He can't code very well and 90% of his mod's content is from other people who he never credited properly. I don't think he even mentioned the guy who did the voiceacting until he was repeatedly pressured into doing so. None of the sprites were his, but he credited himself for "retouching" them. The most changes he made were regarding input and changing existing variables.

I wish I could find the screencaps about that guy, he's a total hack. He has a great inflated ego, acts like a massive asshole to everyone including those who demand credit and managed to get himself banned from multiple doom/modding sites for his behaviour.


----------



## Kellie Gator (May 23, 2015)

Schwimmwagen said:


> He can't code very well and 90% of his mod's content is from other people who he never credited properly. I don't think he even mentioned the guy who did the voiceacting until he was repeatedly pressured into doing so. None of the sprites were his, but he credited himself for "retouching" them. The most changes he made were regarding input and changing existing variables.
> 
> I wish I could find the screencaps about that guy, he's a total hack. He has a great inflated ego, acts like a massive asshole to everyone including those who demand credit and managed to get himself banned from multiple doom/modding sites for his behaviour.


Well, if that's true, well... sucks. I had a feeling. :S

But the finished product is nonetheless pretty good and some of the features I've seen for Brutal Doom v20 has me reasonably excited.


----------



## ShioBear (May 23, 2015)

Schwimmwagen said:


> He can't code very well and 90% of his mod's content is from other people who he never credited properly. I don't think he even mentioned the guy who did the voiceacting until he was repeatedly pressured into doing so. None of the sprites were his, but he credited himself for "retouching" them. The most changes he made were regarding input and changing existing variables.
> 
> I wish I could find the screencaps about that guy, he's a total hack. He has a great inflated ego, acts like a massive asshole to everyone including those who demand credit and managed to get himself banned from multiple doom/modding sites for his behaviour.



meh if its good when its done ill still grab a gun


----------



## SkyeLegs (May 23, 2015)

Kellie Gator said:


> So I kinda throw out this question, anyone ever play multiplayer in Doom? Any preferred source ports? 'cause if not, maybe I'll set up a server or something myself but I've never done it before. I usually play Doom alone, mostly because servers online have so many mods that it's a jungle and I like to either play vanilla or maybe with some Brutal Doom in it. It'd be neat to play with a familiar face.

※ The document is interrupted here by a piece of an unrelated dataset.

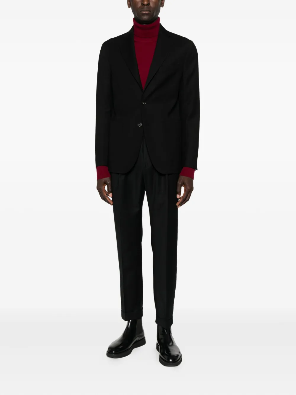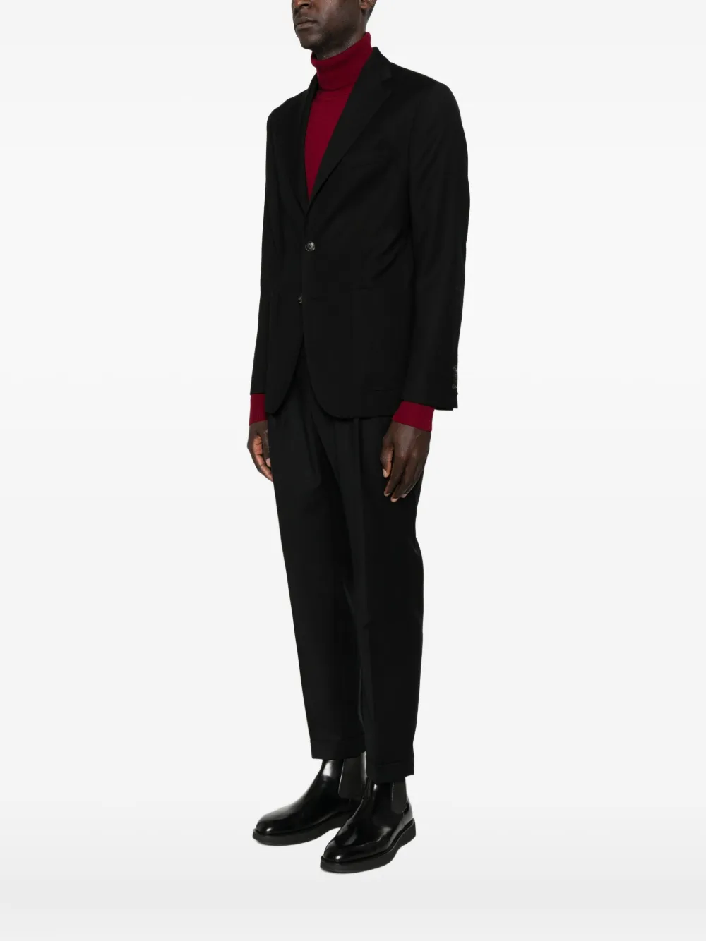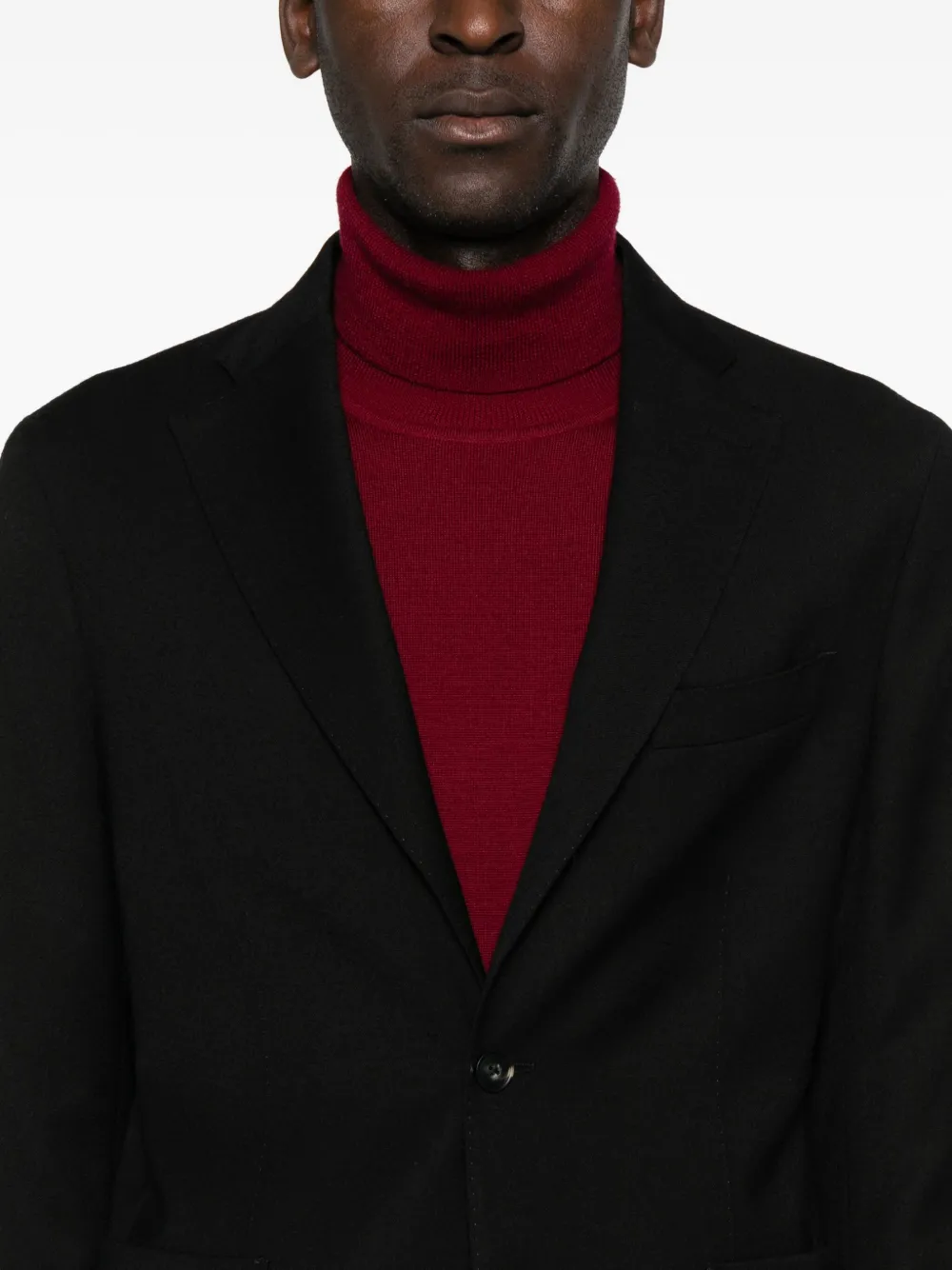 Черный шерсть застежка на две пуговицы накладные карманы спереди лацканы с вырезом

I only started playing multiplayer a few years ago, but it can be a lot of fun. I believe the only really active multiplayer source port is Zandronum, based on ZDoom. Most of the servers are using mods, but it's easy to start your own vanilla server using Doomseeker, which is included. Some of the mods are cool, though, if you just throw yourself into them and try to learn.


----------



## Kellie Gator (May 24, 2015)

...I'm confused, I could've sworn I made a new post here. Oh well, let's try again.



Chrysocyon said:


> I only started playing multiplayer a few years ago, but it can be a lot of fun. I believe the only really active multiplayer source port is Zandronum, based on ZDoom. Most of the servers are using mods, but it's easy to start your own vanilla server using Doomseeker, which is included. Some of the mods are cool, though, if you just throw yourself into them and try to learn.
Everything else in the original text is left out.